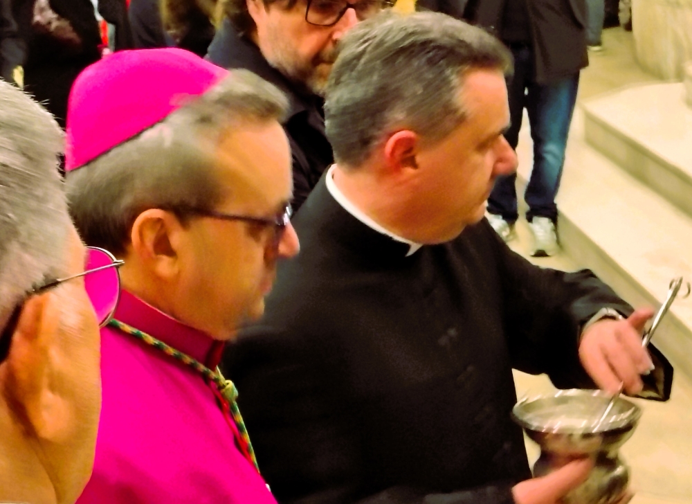 A seguire il gesto della venerazione del Crocifisso, presentato a Mons. Basile dall’arcidiacono del Capitolo Cattedrale Mons. Ignazio De Gioia, il segnarsi con l’acqua santa, l’aspersione dell’assemblea e l’adorazione del SS.mo Sacramento.
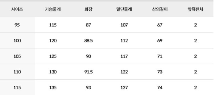 사이즈 조건표
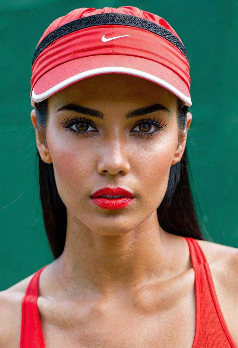 front view ultra close-up portrait a charming and seductive girl wearing a ((red transparent plastic tennis visorcap)) <lora:VisorCapXL-01:1>, short black hair, dark makeup, black deep eyes, deep stare, symmetric view, masterpiece, ultra detailed, ultrarealistic portrait, intricate details, hyper details, natural skin details, red background, lipstick, sunlight
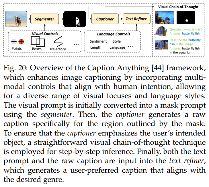 将SAM应用于图像字幕中,Caption Anything(CAT)是一种用于可控图像字幕的方法。CAT 的框架将多模态控制引入图像字幕,呈现符合人类意图的各种视觉焦点和语言风格。
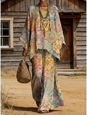 Femmes Chemise Ensembles en coton et lin Ensembles de Pantalons manche longue Manche cloche Col rond Graphique Paisley Imprimé Vacances Mode Streetwear Occasionnel Quotidien Extérieur Blanche bleu

——

* **Assignment**
Return the records exactly as they stand, and drop every picture.

* **Result of this exercise**
 A seguire il gesto della venerazione del Crocifisso, presentato a Mons. Basile dall’arcidiacono del Capitolo Cattedrale Mons. Ignazio De Gioia, il segnarsi con l’acqua santa, l’aspersione dell’assemblea e l’adorazione del SS.mo Sacramento.
 사이즈 조건표
 front view ultra close-up portrait a charming and seductive girl wearing a ((red transparent plastic tennis visorcap)) <lora:VisorCapXL-01:1>, short black hair, dark makeup, black deep eyes, deep stare, symmetric view, masterpiece, ultra detailed, ultrarealistic portrait, intricate details, hyper details, natural skin details, red background, lipstick, sunlight
 将SAM应用于图像字幕中,Caption Anything(CAT)是一种用于可控图像字幕的方法。CAT 的框架将多模态控制引入图像字幕,呈现符合人类意图的各种视觉焦点和语言风格。
 Femmes Chemise Ensembles en coton et lin Ensembles de Pantalons manche longue Manche cloche Col rond Graphique Paisley Imprimé Vacances Mode Streetwear Occasionnel Quotidien Extérieur Blanche bleu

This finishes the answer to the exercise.